#### Directions for this task:
What you should give back is a precise copy of the lines below from the one containing "The document discusses" through the one containing "金辺コーヒーカップ陶磁器家庭", with no pictures.

(Items from a dataset)
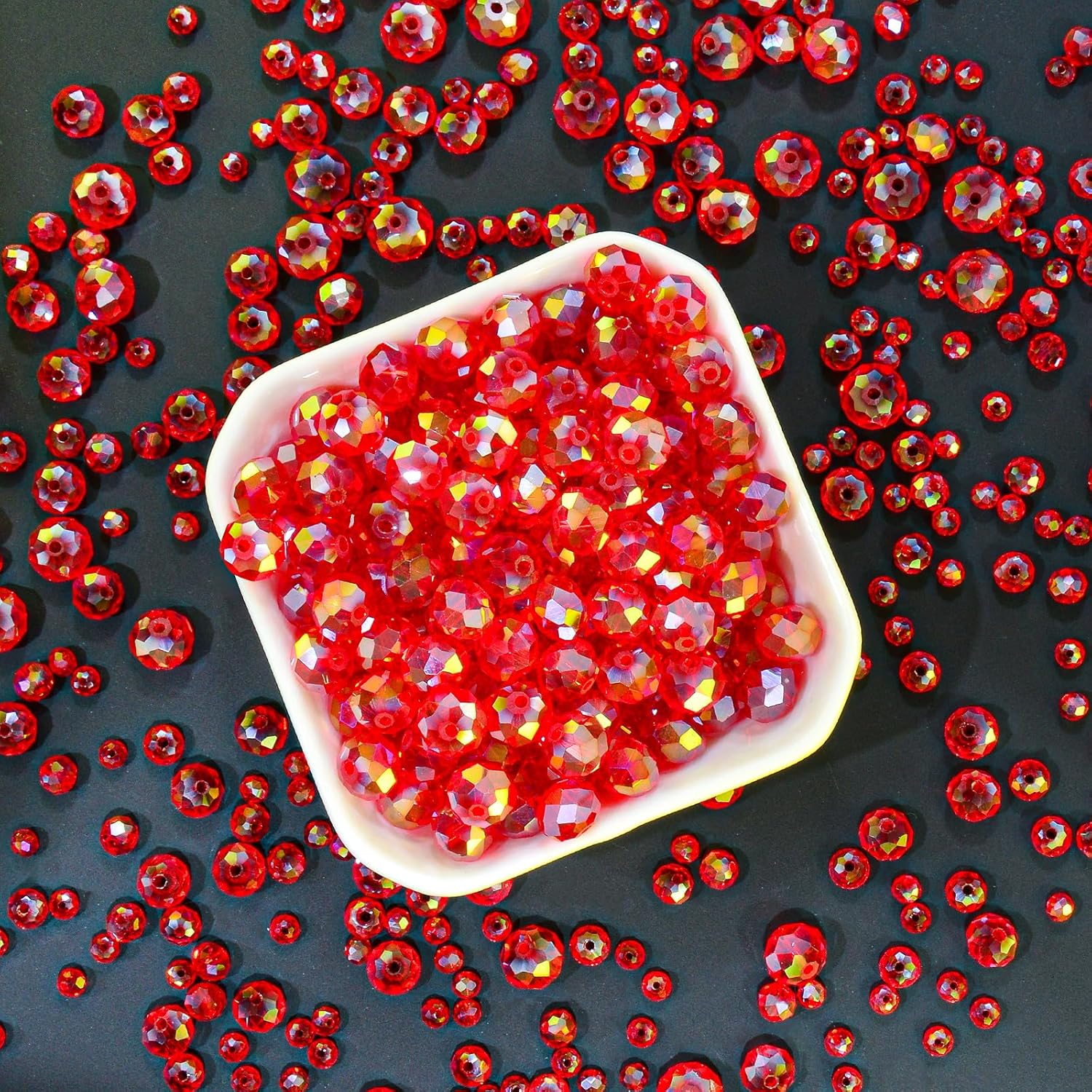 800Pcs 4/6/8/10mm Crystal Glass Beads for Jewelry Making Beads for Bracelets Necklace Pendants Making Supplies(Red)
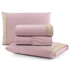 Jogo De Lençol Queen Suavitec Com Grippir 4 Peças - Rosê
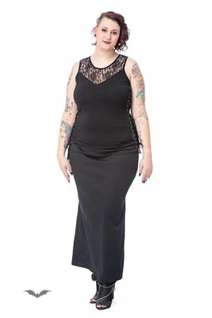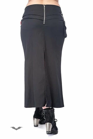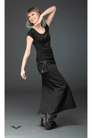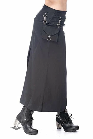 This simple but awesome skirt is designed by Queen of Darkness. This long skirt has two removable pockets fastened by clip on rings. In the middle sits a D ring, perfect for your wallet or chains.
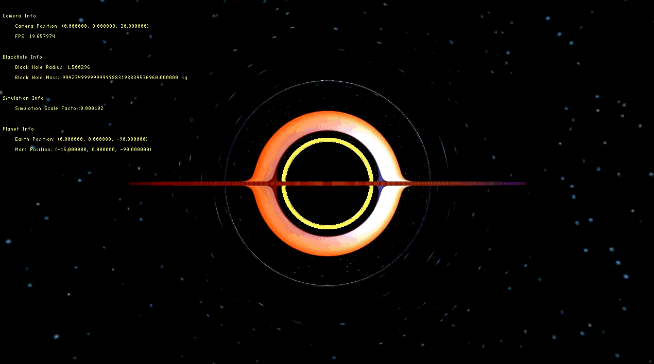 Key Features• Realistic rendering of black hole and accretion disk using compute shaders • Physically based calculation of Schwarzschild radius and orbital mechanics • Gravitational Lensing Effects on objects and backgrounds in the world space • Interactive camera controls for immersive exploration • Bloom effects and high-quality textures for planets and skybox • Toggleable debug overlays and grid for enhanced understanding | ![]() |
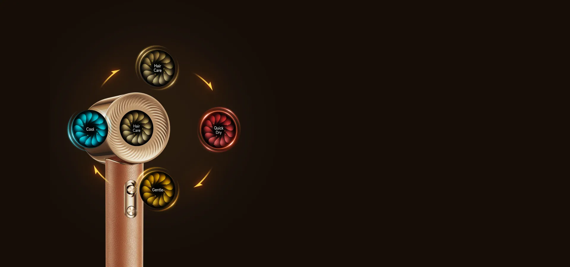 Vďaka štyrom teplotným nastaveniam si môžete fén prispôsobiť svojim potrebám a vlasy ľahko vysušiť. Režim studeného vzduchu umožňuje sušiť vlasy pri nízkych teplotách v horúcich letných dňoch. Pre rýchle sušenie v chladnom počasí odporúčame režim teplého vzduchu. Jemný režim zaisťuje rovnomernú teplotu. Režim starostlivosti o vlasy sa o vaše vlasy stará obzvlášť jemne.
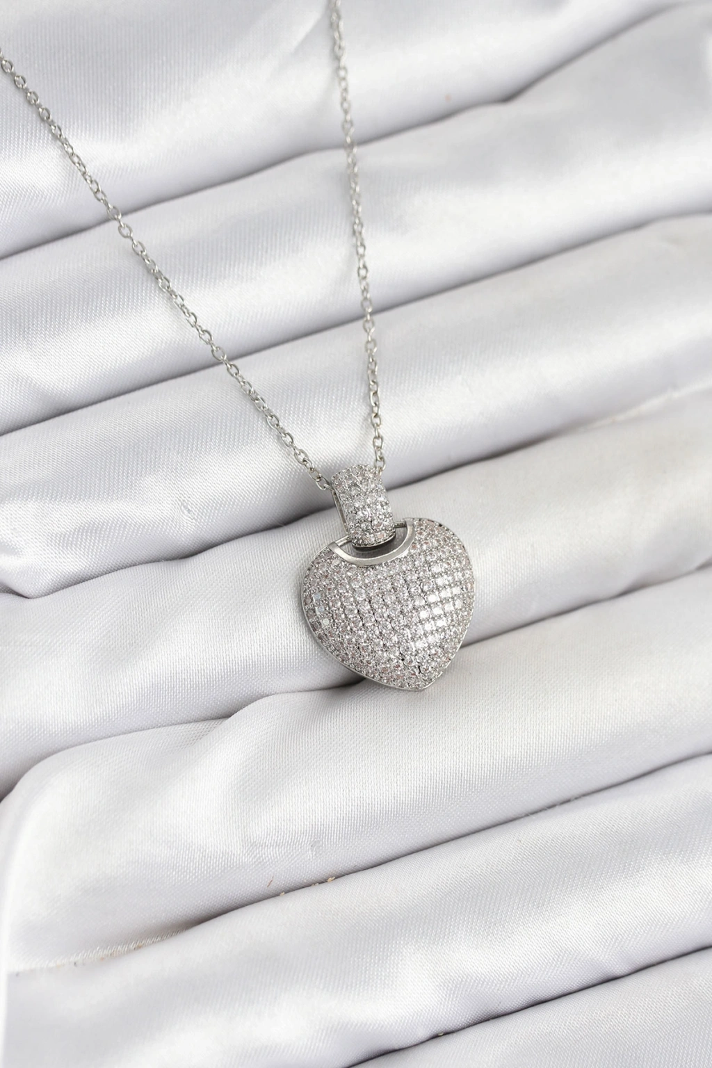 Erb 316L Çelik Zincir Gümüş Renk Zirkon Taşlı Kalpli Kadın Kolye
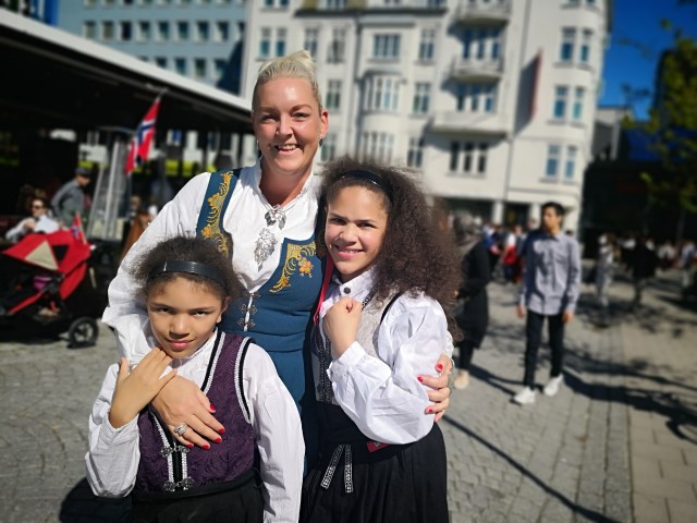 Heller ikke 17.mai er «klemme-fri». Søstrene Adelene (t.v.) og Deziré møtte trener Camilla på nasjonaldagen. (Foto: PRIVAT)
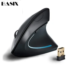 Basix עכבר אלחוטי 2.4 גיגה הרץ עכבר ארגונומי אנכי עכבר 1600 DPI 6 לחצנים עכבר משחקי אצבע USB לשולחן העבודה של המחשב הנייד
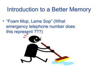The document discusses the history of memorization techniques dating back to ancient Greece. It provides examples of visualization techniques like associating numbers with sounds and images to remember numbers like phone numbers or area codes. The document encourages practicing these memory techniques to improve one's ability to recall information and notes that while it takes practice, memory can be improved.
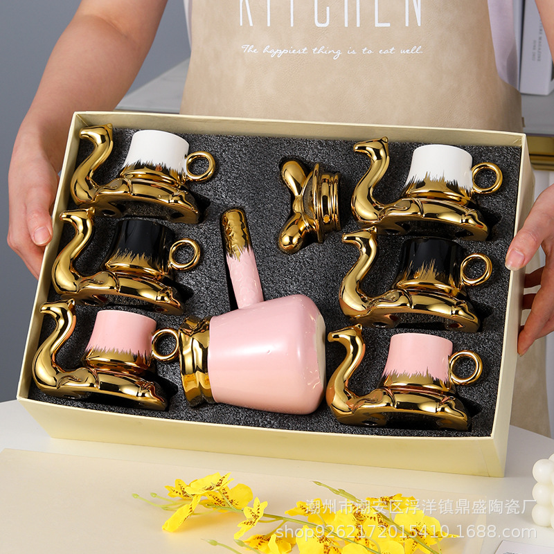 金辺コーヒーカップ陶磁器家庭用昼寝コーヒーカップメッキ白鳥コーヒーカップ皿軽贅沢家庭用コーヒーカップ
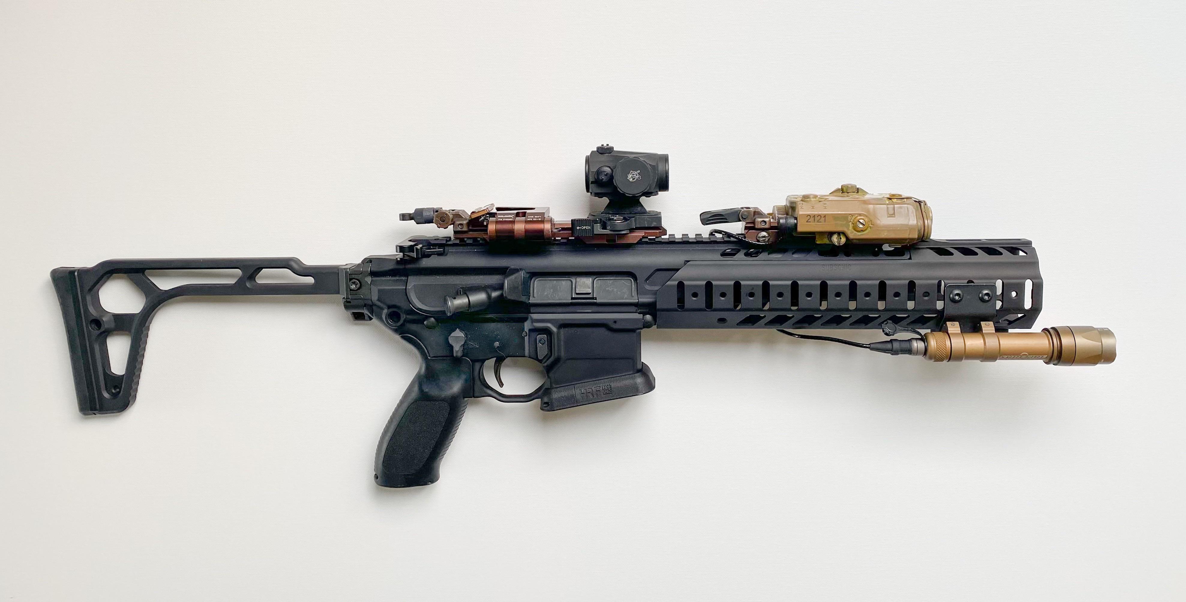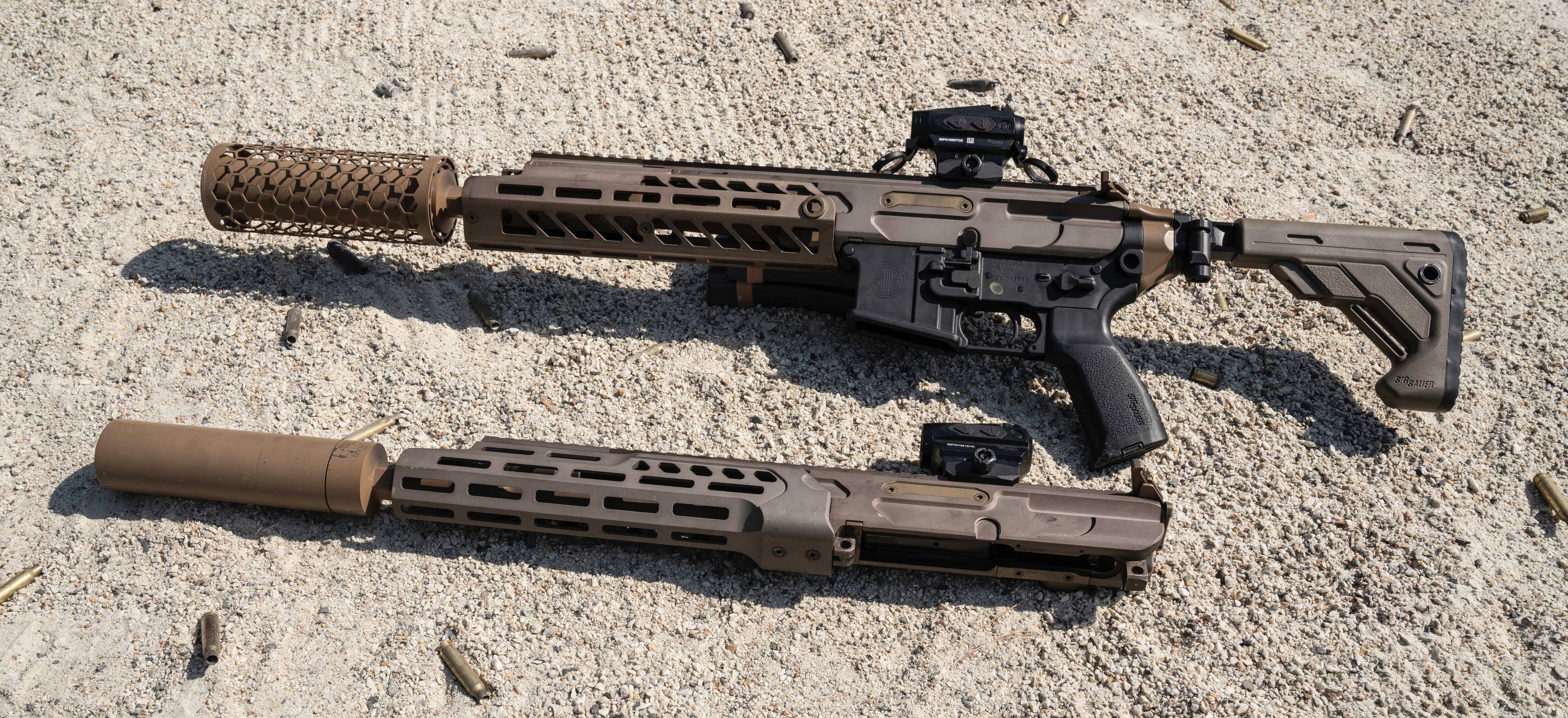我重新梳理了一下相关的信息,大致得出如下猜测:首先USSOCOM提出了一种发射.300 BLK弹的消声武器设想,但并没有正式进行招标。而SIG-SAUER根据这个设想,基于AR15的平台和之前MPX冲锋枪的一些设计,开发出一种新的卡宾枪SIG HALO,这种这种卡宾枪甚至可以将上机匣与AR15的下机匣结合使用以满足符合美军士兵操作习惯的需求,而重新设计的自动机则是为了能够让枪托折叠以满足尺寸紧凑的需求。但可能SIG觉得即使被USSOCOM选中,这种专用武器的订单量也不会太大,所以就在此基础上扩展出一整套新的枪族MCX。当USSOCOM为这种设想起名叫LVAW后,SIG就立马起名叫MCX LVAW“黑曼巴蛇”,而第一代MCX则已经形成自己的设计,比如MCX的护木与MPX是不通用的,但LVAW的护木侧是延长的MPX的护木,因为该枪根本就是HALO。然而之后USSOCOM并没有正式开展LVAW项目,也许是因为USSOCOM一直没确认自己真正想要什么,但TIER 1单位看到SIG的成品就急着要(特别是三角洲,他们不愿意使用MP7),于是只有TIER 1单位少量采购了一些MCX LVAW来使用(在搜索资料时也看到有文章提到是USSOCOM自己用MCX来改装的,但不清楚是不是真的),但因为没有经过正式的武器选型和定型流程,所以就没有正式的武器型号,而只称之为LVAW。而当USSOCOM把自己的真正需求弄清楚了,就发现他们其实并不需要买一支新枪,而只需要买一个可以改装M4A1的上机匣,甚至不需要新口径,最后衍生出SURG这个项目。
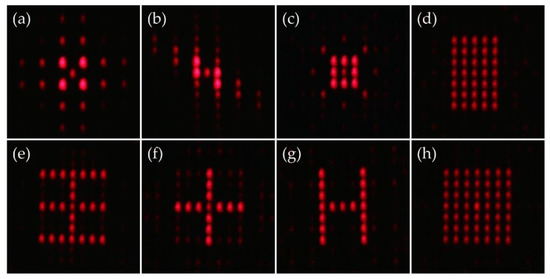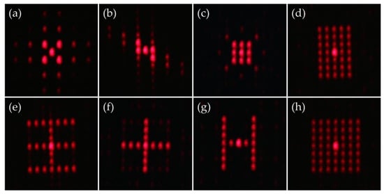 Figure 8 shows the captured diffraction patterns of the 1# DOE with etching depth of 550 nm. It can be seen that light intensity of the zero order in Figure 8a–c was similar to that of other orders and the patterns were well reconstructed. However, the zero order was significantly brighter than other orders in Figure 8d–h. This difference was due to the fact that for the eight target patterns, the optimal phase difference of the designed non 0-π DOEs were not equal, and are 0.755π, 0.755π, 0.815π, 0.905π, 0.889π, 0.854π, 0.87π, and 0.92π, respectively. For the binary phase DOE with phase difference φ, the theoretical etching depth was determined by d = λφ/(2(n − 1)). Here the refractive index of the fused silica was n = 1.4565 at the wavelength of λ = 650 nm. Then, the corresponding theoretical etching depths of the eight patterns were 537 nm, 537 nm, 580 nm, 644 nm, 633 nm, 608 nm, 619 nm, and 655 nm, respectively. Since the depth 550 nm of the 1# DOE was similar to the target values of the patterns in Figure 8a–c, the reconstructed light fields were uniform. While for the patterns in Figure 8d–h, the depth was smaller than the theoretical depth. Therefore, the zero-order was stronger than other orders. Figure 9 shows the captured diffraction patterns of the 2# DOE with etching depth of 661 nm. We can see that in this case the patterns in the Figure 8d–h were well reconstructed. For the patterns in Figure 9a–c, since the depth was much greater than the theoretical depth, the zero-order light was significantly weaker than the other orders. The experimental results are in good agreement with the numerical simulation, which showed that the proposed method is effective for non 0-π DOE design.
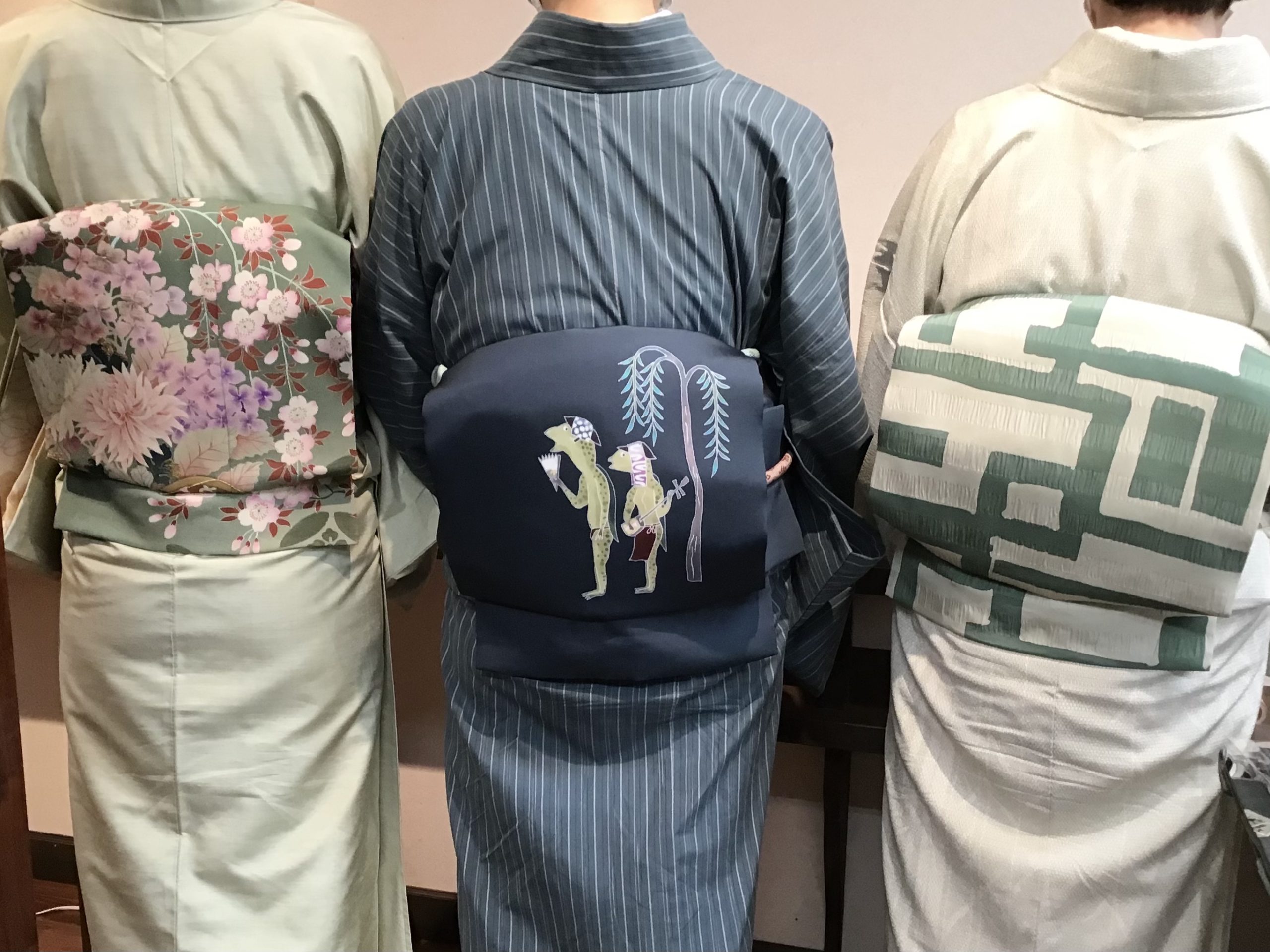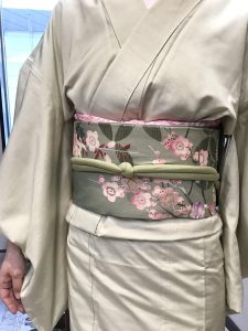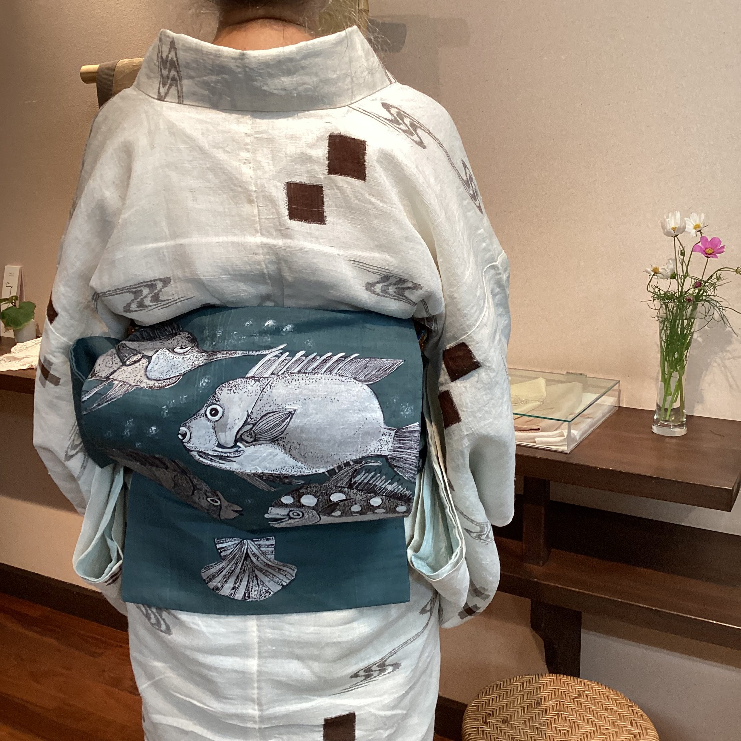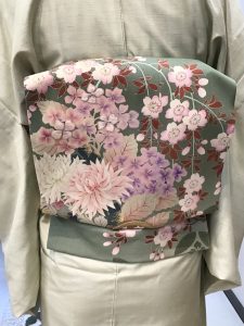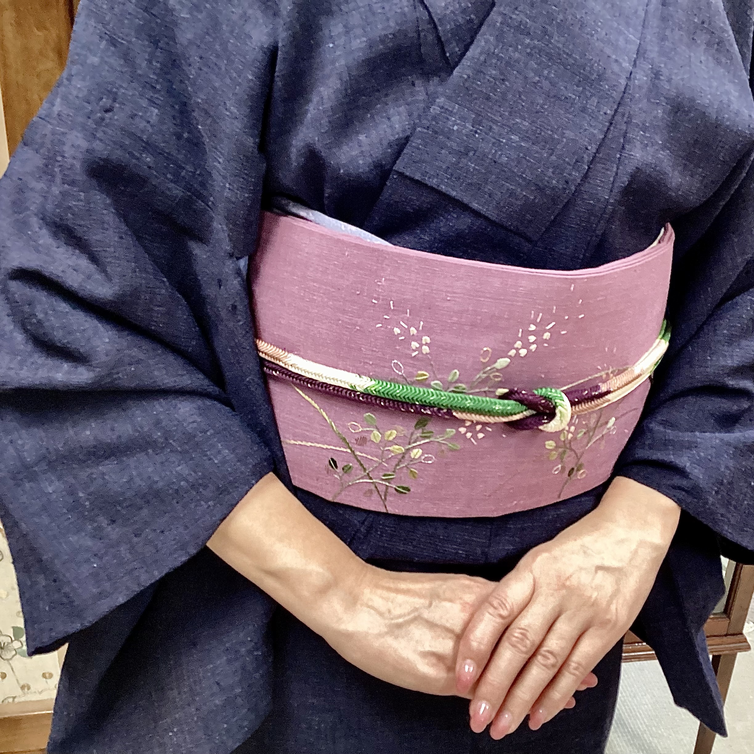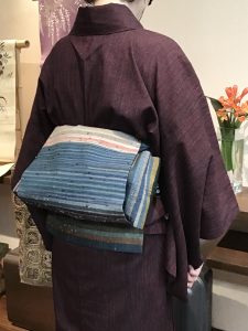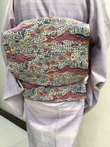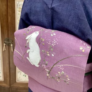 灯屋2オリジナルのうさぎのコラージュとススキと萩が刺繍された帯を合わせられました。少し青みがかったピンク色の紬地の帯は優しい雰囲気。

#### Written reply:
The document discusses the history of memorization techniques dating back to ancient Greece. It provides examples of visualization techniques like associating numbers with sounds and images to remember numbers like phone numbers or area codes. The document encourages practicing these memory techniques to improve one's ability to recall information and notes that while it takes practice, memory can be improved.
 金辺コーヒーカップ陶磁器家庭用昼寝コーヒーカップメッキ白鳥コーヒーカップ皿軽贅沢家庭用コーヒーカップ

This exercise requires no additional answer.